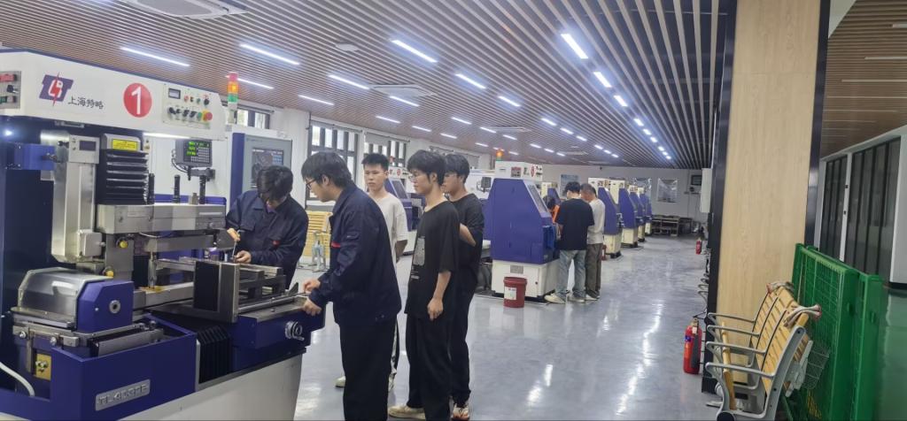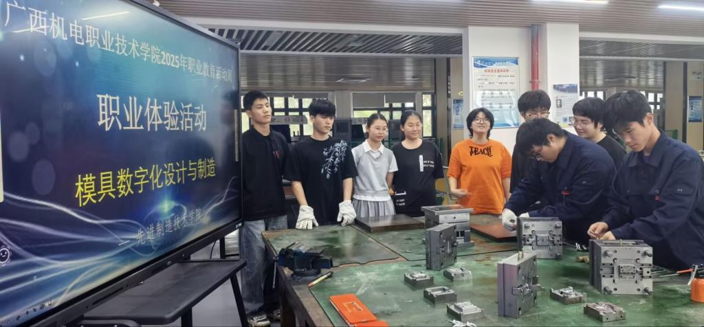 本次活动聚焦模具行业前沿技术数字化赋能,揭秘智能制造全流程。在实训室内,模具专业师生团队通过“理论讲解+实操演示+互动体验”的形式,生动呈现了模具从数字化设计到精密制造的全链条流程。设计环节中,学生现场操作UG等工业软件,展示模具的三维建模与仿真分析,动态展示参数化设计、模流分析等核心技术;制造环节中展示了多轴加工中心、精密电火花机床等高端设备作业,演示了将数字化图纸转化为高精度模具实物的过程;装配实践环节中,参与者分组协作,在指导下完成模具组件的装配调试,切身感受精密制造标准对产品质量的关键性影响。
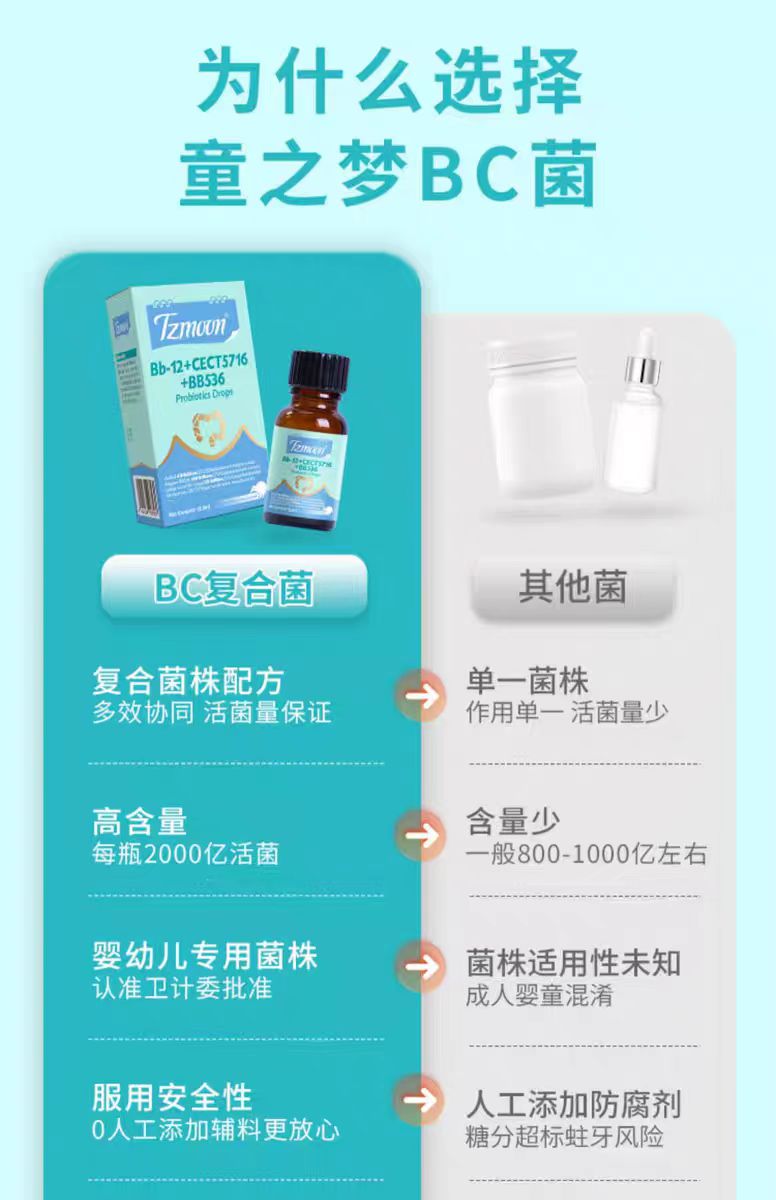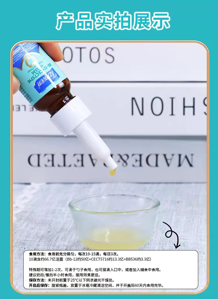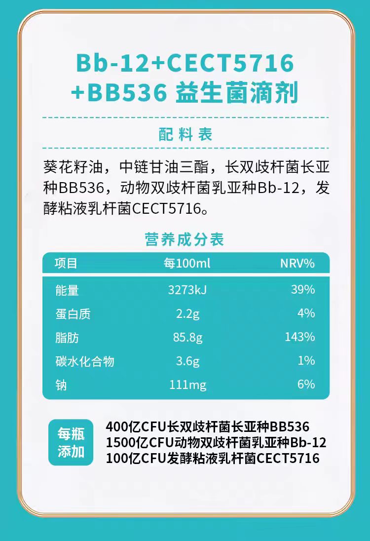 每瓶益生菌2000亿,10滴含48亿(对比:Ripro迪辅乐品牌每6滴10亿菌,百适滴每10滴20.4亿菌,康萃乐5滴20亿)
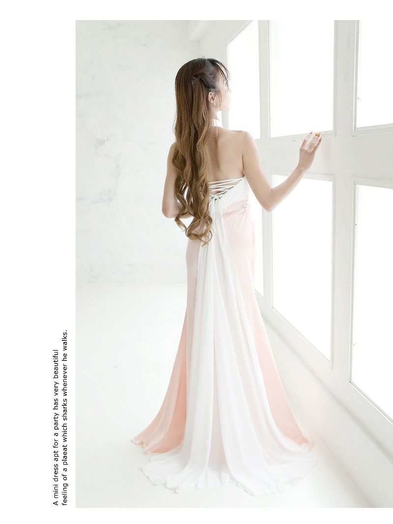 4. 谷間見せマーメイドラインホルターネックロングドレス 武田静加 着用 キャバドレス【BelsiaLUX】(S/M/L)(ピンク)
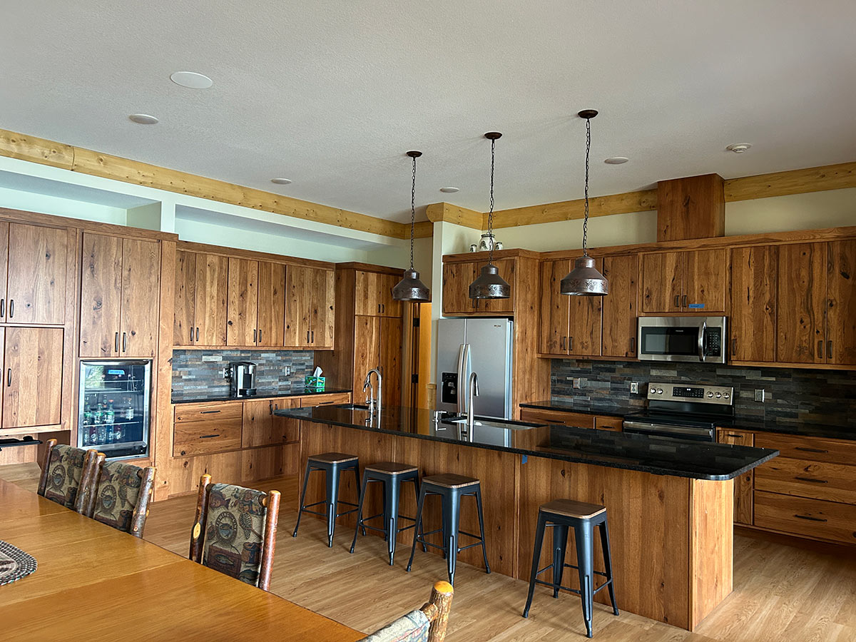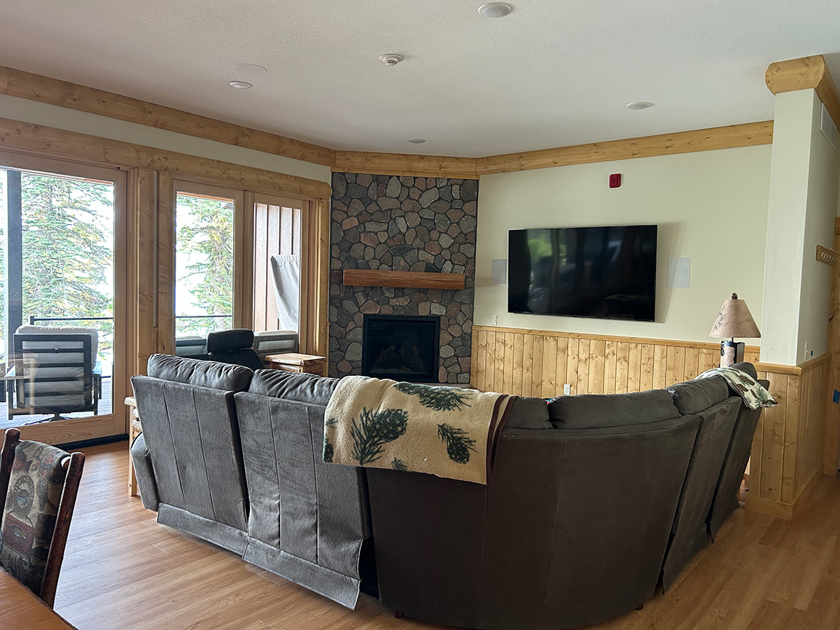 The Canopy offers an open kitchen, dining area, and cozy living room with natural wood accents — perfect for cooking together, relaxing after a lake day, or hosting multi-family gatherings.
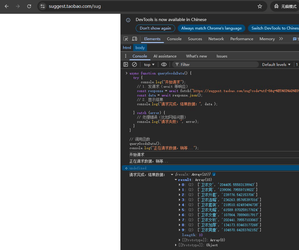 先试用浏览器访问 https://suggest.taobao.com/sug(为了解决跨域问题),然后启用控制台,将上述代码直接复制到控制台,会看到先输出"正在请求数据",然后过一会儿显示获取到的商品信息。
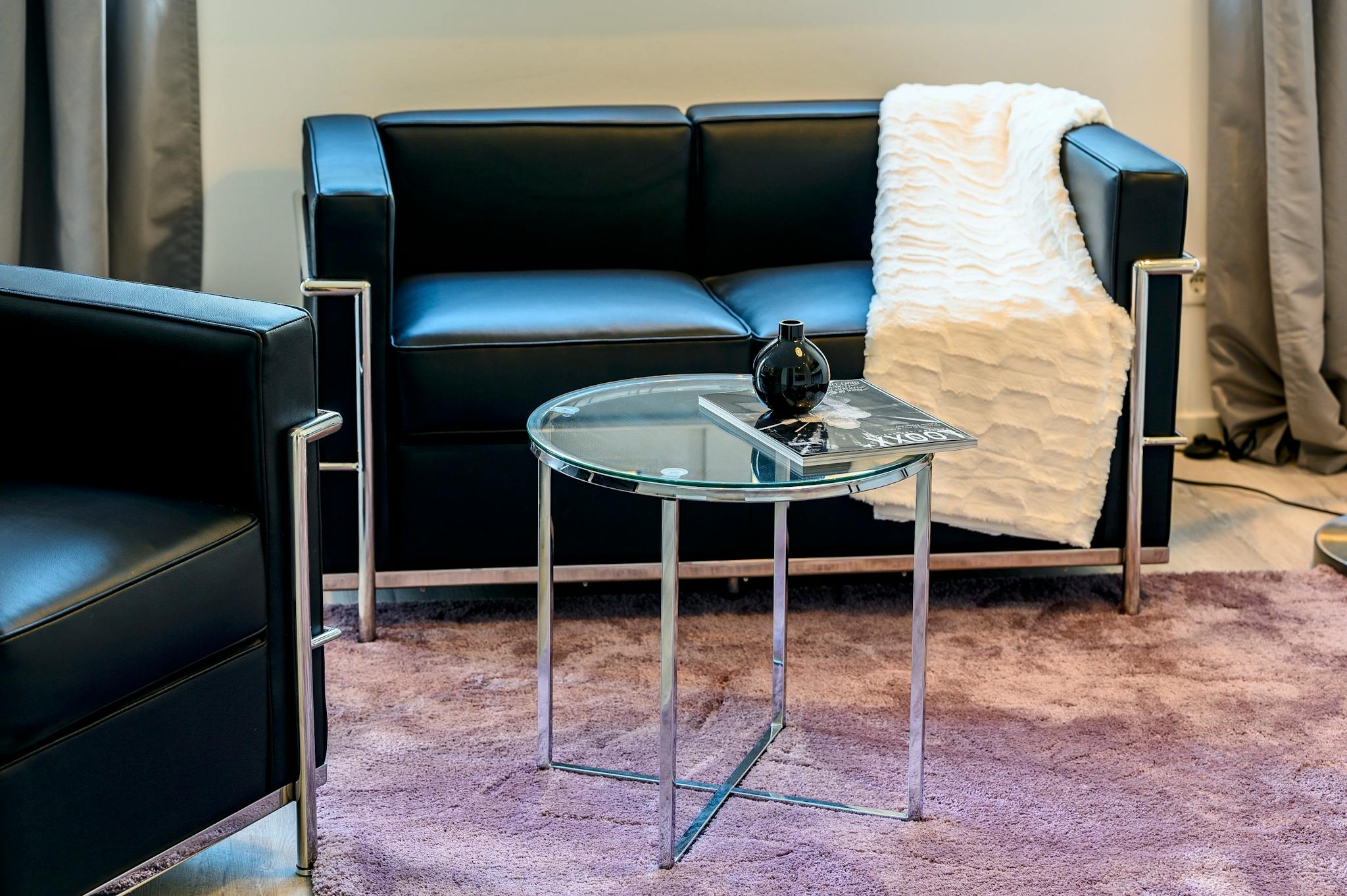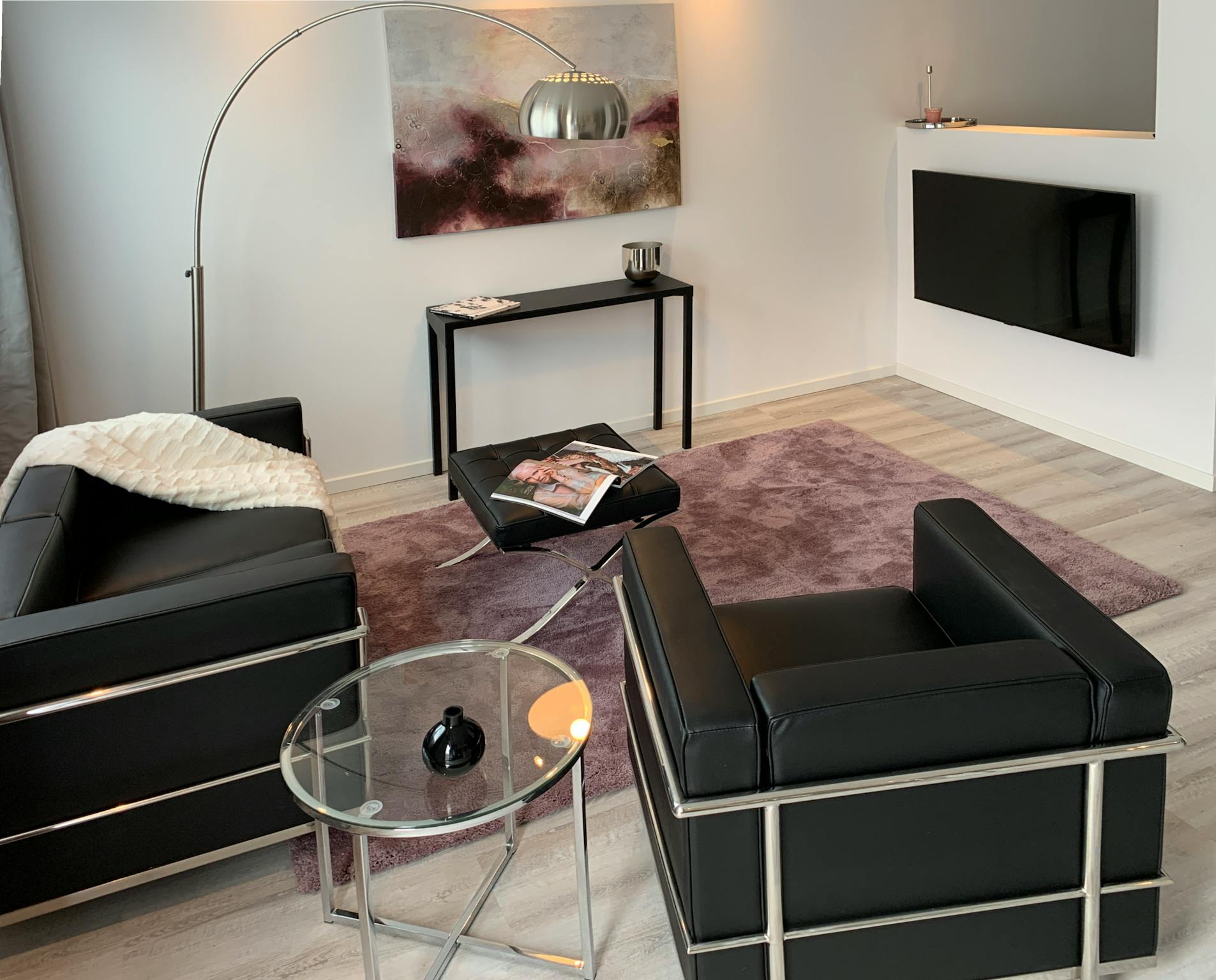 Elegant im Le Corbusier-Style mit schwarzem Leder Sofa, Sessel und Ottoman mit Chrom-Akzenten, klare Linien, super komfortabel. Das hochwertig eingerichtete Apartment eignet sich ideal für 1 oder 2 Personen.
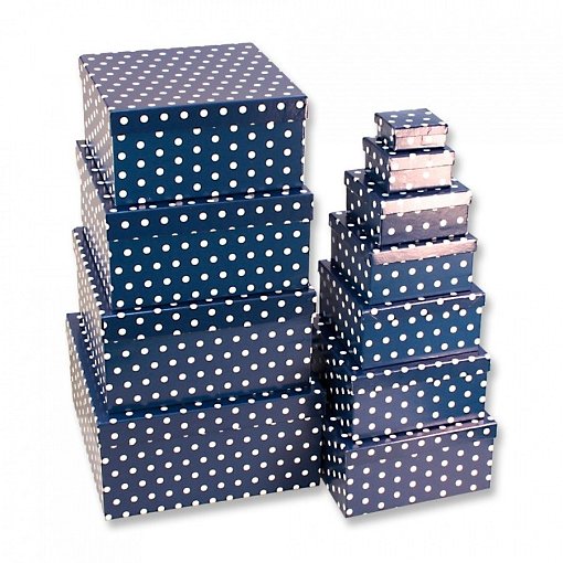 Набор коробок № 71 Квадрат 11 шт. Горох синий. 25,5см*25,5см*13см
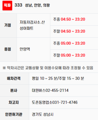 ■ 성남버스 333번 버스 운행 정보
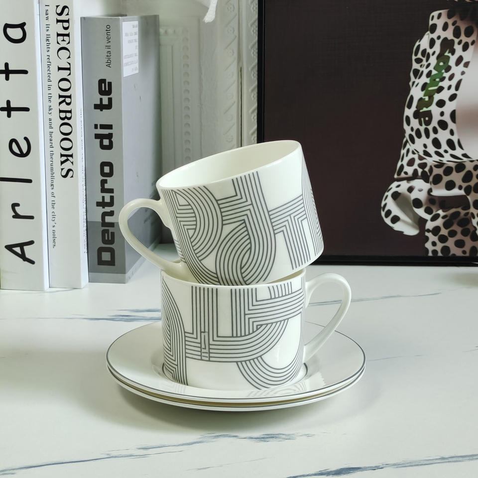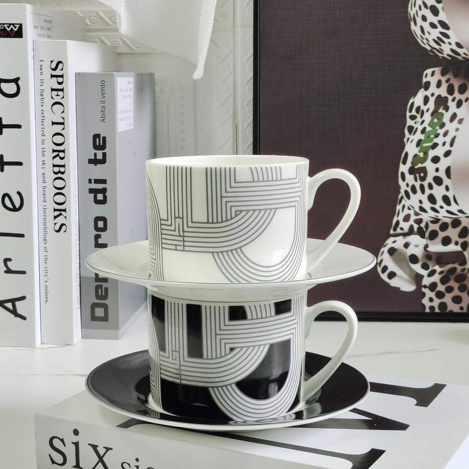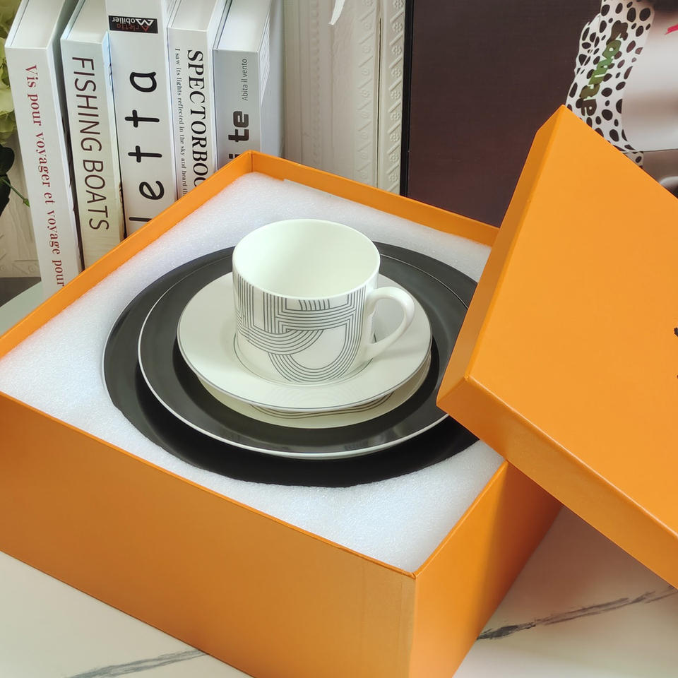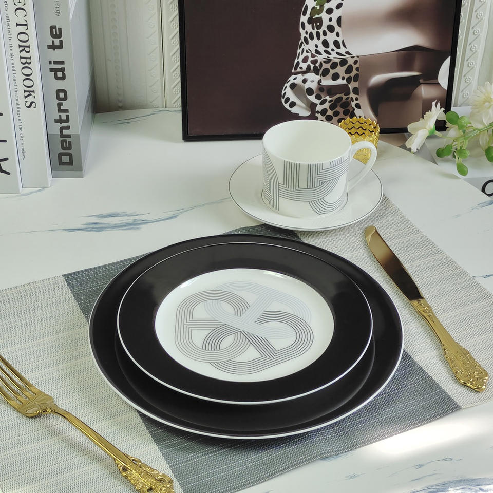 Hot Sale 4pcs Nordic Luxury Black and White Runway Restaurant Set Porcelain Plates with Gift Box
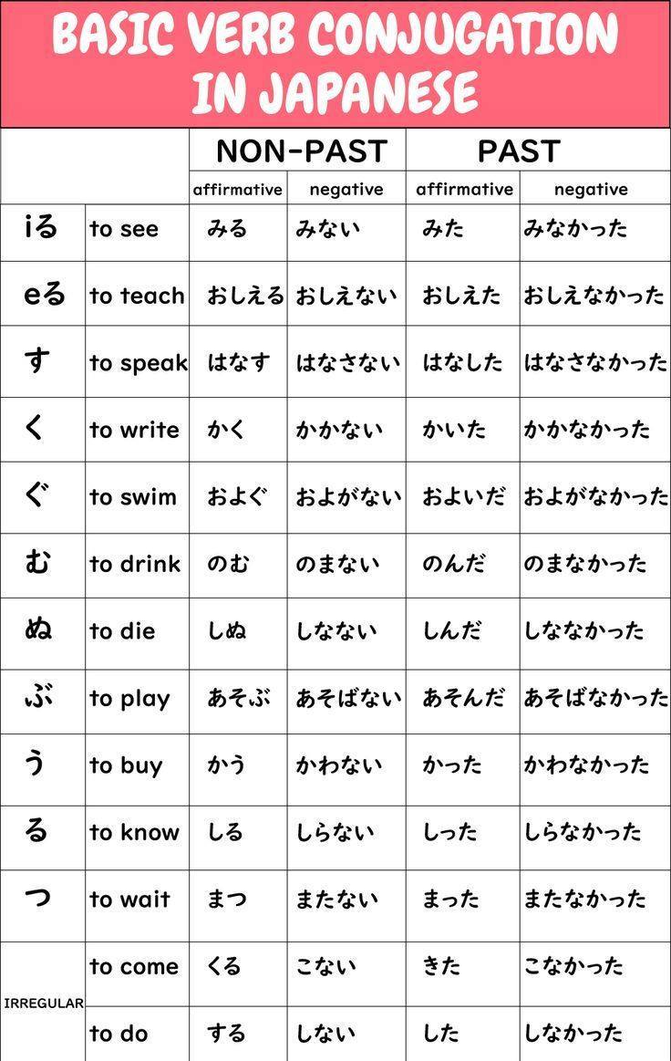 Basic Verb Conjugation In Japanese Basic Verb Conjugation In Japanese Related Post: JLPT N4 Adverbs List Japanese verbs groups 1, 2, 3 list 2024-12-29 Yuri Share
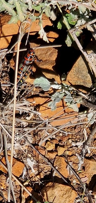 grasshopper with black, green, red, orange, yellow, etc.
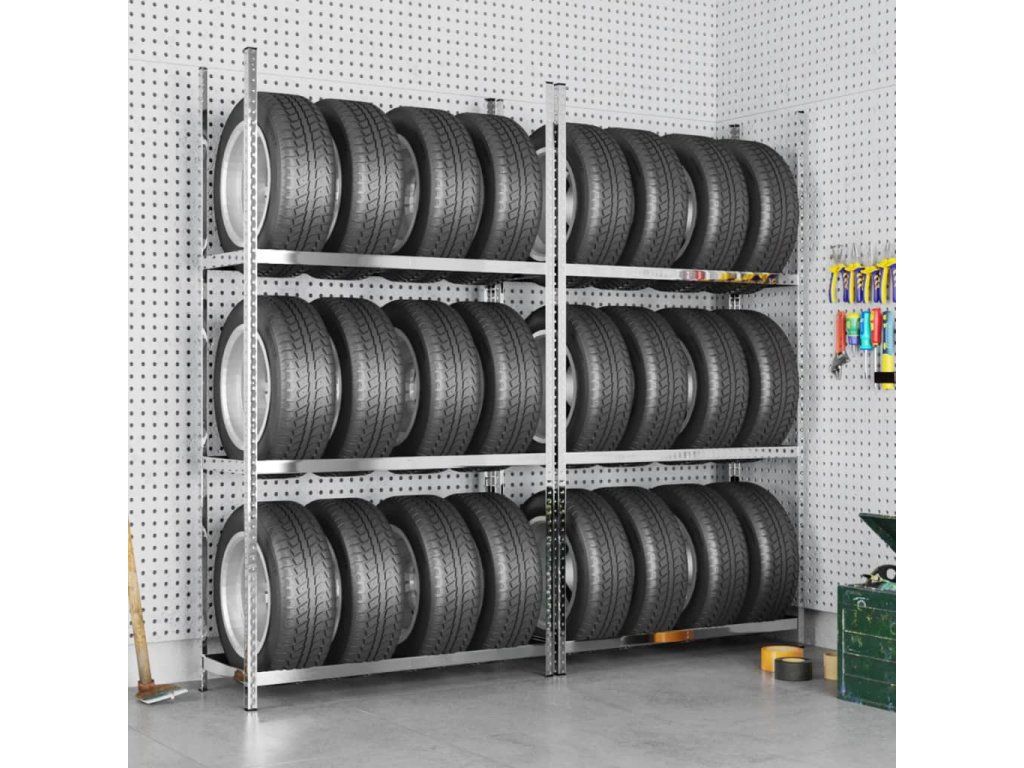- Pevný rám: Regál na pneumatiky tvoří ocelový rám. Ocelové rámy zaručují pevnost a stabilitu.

- EXERCISE DESCRIPTION:
Word for word, output the whole listing, but not its pictures.

- SOLVED PROBLEM:
 本次活动聚焦模具行业前沿技术数字化赋能,揭秘智能制造全流程。在实训室内,模具专业师生团队通过“理论讲解+实操演示+互动体验”的形式,生动呈现了模具从数字化设计到精密制造的全链条流程。设计环节中,学生现场操作UG等工业软件,展示模具的三维建模与仿真分析,动态展示参数化设计、模流分析等核心技术;制造环节中展示了多轴加工中心、精密电火花机床等高端设备作业,演示了将数字化图纸转化为高精度模具实物的过程;装配实践环节中,参与者分组协作,在指导下完成模具组件的装配调试,切身感受精密制造标准对产品质量的关键性影响。
 每瓶益生菌2000亿,10滴含48亿(对比:Ripro迪辅乐品牌每6滴10亿菌,百适滴每10滴20.4亿菌,康萃乐5滴20亿)
 4. 谷間見せマーメイドラインホルターネックロングドレス 武田静加 着用 キャバドレス【BelsiaLUX】(S/M/L)(ピンク)
 The Canopy offers an open kitchen, dining area, and cozy living room with natural wood accents — perfect for cooking together, relaxing after a lake day, or hosting multi-family gatherings.
 先试用浏览器访问 https://suggest.taobao.com/sug(为了解决跨域问题),然后启用控制台,将上述代码直接复制到控制台,会看到先输出"正在请求数据",然后过一会儿显示获取到的商品信息。
 Elegant im Le Corbusier-Style mit schwarzem Leder Sofa, Sessel und Ottoman mit Chrom-Akzenten, klare Linien, super komfortabel. Das hochwertig eingerichtete Apartment eignet sich ideal für 1 oder 2 Personen.
 Набор коробок № 71 Квадрат 11 шт. Горох синий. 25,5см*25,5см*13см
 ■ 성남버스 333번 버스 운행 정보
 Hot Sale 4pcs Nordic Luxury Black and White Runway Restaurant Set Porcelain Plates with Gift Box
 Basic Verb Conjugation In Japanese Basic Verb Conjugation In Japanese Related Post: JLPT N4 Adverbs List Japanese verbs groups 1, 2, 3 list 2024-12-29 Yuri Share
 grasshopper with black, green, red, orange, yellow, etc.
- Pevný rám: Regál na pneumatiky tvoří ocelový rám. Ocelové rámy zaručují pevnost a stabilitu.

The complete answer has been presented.